▶ _TASK TO COMPLETE_: For the entries below, print exactly the lines between the line holding "ESPAÑA. 12 cuartos" and the line holding "Trong không khí", inclusive, and nothing else.

▶ _RAW DATA_:
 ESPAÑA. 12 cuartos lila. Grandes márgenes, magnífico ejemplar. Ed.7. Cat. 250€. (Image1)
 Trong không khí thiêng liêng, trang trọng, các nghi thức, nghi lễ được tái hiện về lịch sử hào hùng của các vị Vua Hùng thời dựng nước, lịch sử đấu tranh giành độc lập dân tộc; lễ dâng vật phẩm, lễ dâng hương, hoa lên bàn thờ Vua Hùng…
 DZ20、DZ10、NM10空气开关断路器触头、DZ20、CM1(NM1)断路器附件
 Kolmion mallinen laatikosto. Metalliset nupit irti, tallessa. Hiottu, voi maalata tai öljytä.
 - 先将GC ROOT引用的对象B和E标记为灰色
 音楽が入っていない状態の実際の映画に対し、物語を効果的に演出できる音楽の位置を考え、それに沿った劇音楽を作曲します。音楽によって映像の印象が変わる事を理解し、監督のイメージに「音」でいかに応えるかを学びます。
...
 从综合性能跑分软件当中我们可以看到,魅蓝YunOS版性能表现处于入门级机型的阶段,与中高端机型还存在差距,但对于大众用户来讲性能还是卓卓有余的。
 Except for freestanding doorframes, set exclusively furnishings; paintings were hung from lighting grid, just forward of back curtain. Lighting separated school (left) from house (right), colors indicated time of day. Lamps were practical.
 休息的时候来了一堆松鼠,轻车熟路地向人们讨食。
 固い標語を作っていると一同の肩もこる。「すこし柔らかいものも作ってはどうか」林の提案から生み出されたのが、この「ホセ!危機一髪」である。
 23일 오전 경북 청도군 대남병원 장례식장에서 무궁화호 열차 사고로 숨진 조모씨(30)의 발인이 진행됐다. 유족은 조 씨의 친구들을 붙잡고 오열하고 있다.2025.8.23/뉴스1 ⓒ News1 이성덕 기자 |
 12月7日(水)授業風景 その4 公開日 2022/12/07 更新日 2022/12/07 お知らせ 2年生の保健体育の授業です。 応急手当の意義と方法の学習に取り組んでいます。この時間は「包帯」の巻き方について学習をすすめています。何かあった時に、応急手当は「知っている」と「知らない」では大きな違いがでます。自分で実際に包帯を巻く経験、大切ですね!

▶ _SOLUTION_:
 ESPAÑA. 12 cuartos lila. Grandes márgenes, magnífico ejemplar. Ed.7. Cat. 250€. (Image1)
 Trong không khí thiêng liêng, trang trọng, các nghi thức, nghi lễ được tái hiện về lịch sử hào hùng của các vị Vua Hùng thời dựng nước, lịch sử đấu tranh giành độc lập dân tộc; lễ dâng vật phẩm, lễ dâng hương, hoa lên bàn thờ Vua Hùng…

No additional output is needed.